In the above described shaft supporting construction, a load Fd, caused by a reaction force to the compression of fluid during the operation of the apparatus, acts on a bearing means 34' which rotatably supports the oribiting scroll member. Therefore, since drive shaft 13' is connected to the bushing 33' through the drive pin, this load Fd is transmitted to the shaft 13' which is rotatably supported by the two bearing means 16', 19' disposed within the sleeve 17' of front end plate 11'. At this time, the load FB.sub.1 and FB.sub.2 acting on the two bearing means 16' and 19' are given by:
FB.sub.1 =Fd+FB.sub.2, since the illustrated upwardly directed force is equal to the sum of the downwardly directed forces; and PA0 FB.sub.2 (X.sub.2)=Fd(X.sub.1), since these oppositely directed moments are equal.

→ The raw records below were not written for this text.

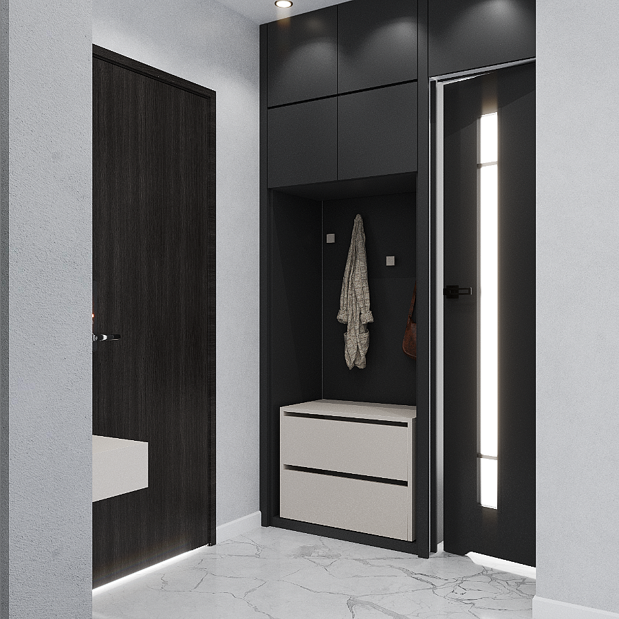 Meuble à chaussures - 3 portes - grège - pieds noirs - 50x30x125 cm - VELDIO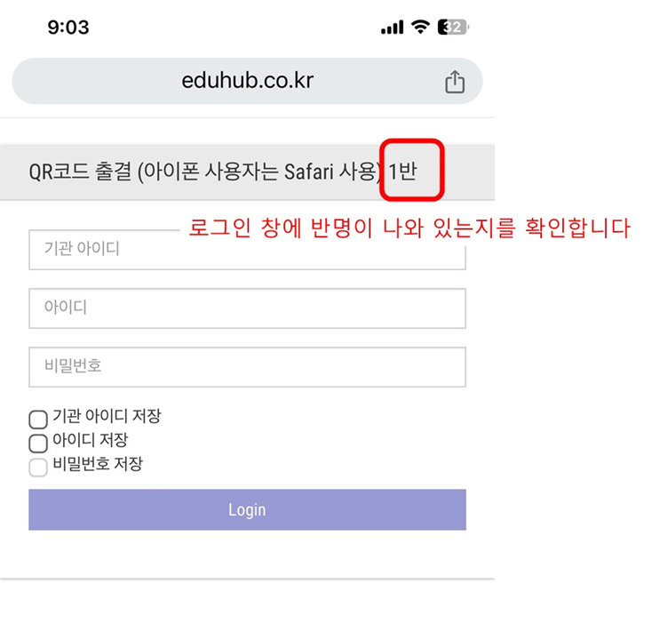 리더기로 사용할 장치에, 해당 반에 생성된 반 고유 리더기 접속 주소로 접속합니다. - 고유 리더기 로그인 창에 반명이 나오는지를 확인합니다.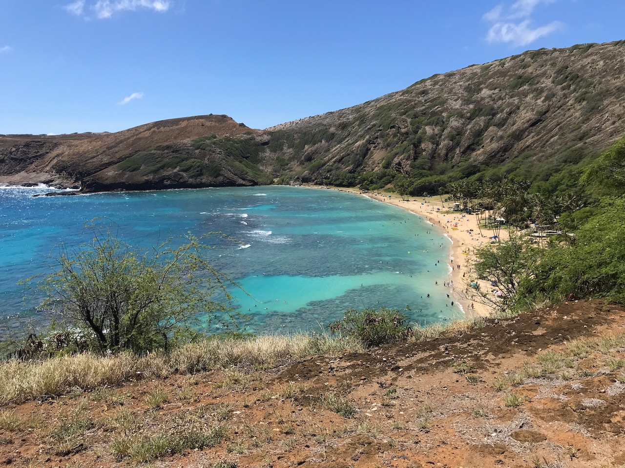 We descended into the Hanauma Bay down the gradual ramp that led down to the beach. The space was a welcoming location for beach goers.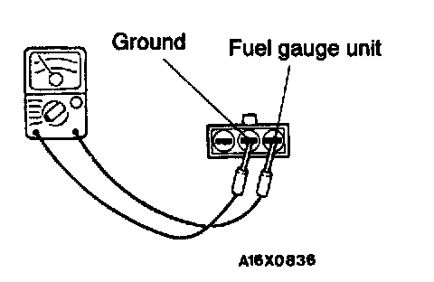 1. Check that the resistance value between the fuel gauge terminal and ground terminal is at standard value when the fuel gauge unit float is at point F (highest) and point E (lowest).

Therefore, if the distance X.sub.2 is made longer, the load FB.sub.1 and FB.sub.2 acting on the two bearing means would be decreased and thereby the durability of these bearing means would be improved. However, in the general construction of the apparatus, a shaft seal assembly 20' is assembled on the drive shaft 13' within the sleeve 17' of front end plate 11' and placed outwardly of and against the bearing means. Therefore, if the distance X.sub.2 is made greater, the total length of apparatus will be increased.
A scroll-type fluid apparatus of this type is suited for use as a refrigerant compressor of an automobile air-conditioner. Generally, the compressor is coupled to a magnetic clutch for transmitting the output of the engine to the drive shaft of the compressor. The magnetic clutch comprises a pulley, magnetic coil, hub and armature plate. The pulley, which is usually rotated by the output of the engine, is rotatably supported by the sleeve through a bearing means disposed on the outer surface of the sleeve, and the magnetic coil is fixed on the outer surface of the sleeve.
The sleeve, which supports the pulley and magnetic coil, extends from an end surface of the housing and is cantilevered, therefore, the sleeve requires mechanical strength. Because tensile force of the belt which connects the pulley and the engine for transmitting the rotary motion is transmitted to the sleeve through the pulley and the bearing means, the thickness of the sleeve has a lower limit so that diameter of the bearing means which supports the pulley cannot be decreased. The outer diameter of compressor unit itself is thereby increased.